The first benefit that most people will highlight is hourly cost. If you have to pay an employee, then at the very least you will be paying that employee’s hourly cost, the cost of their benefits package, and their payroll taxes. Your company might also foot the bill for training this QA Tester.

This is often cited as the key to why you would outsource your quality assurance. Hourly cost to a company for every “tester hour” billed is seen as far less expensive and thus can make a project budget appear in-line.

Expertise
Although this falls in the same category as Cost, instead of adding large headcount, this time you are adding expertise that you wouldn’t otherwise have on your team. This may be an expert that you hire along with your additional testers, or it may be a stand-alone contractor.

Adding a QA Expert (or a team of them) to your project team should be viewed as a method of ensuring the most effective techniques are used and that your outsourced QA Team is utilized most efficiently. An expert can make sure that any other QA you employ is held accountable.

If you don’t have the expertise to know if you are getting the best return on your testing dollar, or don’t have the time to monitor all of the results, define and implement effective procedures, etc., then you need a Quality Assurance Expert. Hiring this expertise on a short-term basis is another preventative measure you can take to ensure your project has the best chance of success. Once your project is safely released to the wild, you are free of this expense.

Non-Financial Overhead
Beyond the direct hourly cost that in-house Quality Assurance tallies, there is all of the overhead of managing it.
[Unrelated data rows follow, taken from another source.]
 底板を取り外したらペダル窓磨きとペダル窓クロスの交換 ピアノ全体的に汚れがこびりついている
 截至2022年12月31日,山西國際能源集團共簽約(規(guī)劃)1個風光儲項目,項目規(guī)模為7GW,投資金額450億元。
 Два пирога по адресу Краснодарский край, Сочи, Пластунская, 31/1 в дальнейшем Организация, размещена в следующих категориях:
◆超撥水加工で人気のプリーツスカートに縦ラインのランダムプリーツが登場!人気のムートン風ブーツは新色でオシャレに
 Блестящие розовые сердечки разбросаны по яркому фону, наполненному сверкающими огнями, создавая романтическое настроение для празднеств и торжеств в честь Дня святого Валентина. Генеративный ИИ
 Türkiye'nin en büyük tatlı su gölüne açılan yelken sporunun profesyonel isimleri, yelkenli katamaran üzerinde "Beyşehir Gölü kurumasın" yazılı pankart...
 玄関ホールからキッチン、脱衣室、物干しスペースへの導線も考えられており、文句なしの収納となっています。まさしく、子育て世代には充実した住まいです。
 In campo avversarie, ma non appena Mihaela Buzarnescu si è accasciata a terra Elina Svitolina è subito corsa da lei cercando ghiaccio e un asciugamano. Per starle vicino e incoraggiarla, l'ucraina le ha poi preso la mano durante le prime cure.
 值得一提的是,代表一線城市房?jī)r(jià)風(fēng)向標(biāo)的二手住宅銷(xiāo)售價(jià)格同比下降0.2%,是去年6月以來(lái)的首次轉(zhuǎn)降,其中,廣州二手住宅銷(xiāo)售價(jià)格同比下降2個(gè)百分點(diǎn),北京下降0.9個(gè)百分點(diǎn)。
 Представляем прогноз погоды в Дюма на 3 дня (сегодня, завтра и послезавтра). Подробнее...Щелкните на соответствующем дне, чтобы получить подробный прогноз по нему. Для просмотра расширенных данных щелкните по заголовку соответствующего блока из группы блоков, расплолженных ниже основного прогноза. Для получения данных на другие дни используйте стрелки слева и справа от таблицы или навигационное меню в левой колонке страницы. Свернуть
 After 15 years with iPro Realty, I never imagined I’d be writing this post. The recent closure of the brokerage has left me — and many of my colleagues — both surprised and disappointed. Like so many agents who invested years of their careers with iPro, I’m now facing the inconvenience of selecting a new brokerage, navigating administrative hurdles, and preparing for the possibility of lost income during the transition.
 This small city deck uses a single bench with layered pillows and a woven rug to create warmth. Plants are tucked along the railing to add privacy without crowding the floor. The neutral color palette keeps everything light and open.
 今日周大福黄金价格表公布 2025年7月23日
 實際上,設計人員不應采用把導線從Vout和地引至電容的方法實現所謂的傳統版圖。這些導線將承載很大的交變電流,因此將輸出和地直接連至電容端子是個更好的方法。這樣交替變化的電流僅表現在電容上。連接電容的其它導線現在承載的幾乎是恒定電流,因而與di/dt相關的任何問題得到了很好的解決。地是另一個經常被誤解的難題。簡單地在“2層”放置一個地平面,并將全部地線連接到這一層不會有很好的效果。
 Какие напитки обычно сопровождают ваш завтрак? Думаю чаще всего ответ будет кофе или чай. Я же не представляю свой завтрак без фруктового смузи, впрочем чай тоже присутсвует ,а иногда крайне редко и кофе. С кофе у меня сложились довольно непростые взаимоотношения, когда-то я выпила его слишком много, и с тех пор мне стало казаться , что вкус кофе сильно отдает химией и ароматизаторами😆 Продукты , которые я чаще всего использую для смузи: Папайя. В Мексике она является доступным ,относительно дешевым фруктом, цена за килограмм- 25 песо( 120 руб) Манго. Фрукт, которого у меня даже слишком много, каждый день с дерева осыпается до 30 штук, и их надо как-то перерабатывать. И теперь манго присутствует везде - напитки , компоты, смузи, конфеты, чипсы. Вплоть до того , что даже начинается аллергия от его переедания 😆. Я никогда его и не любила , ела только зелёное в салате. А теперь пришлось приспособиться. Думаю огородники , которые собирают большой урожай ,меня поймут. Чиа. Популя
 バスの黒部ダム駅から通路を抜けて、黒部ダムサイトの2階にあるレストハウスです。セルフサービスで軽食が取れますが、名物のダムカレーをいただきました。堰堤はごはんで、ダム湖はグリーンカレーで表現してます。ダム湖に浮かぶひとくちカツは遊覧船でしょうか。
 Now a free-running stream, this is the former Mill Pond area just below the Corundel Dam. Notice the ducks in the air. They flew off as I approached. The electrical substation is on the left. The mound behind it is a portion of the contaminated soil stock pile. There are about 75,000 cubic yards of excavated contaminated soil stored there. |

Knowing who to hire, creating a training program, updating best practices, maintaining up-to-date testing software, paying for all of the hardware upkeep needed to maintain a respectable testing lab (even on a small scale), etc., etc., etc.

None of that even considers justifying maintaining an in-house QA Team when there is not an active project to employ them. Although valuable Quality Assurance Professionals know how to continuously add value to their department, division, and company – if they are not actively testing, their value is often not apparent to non-QA personnel.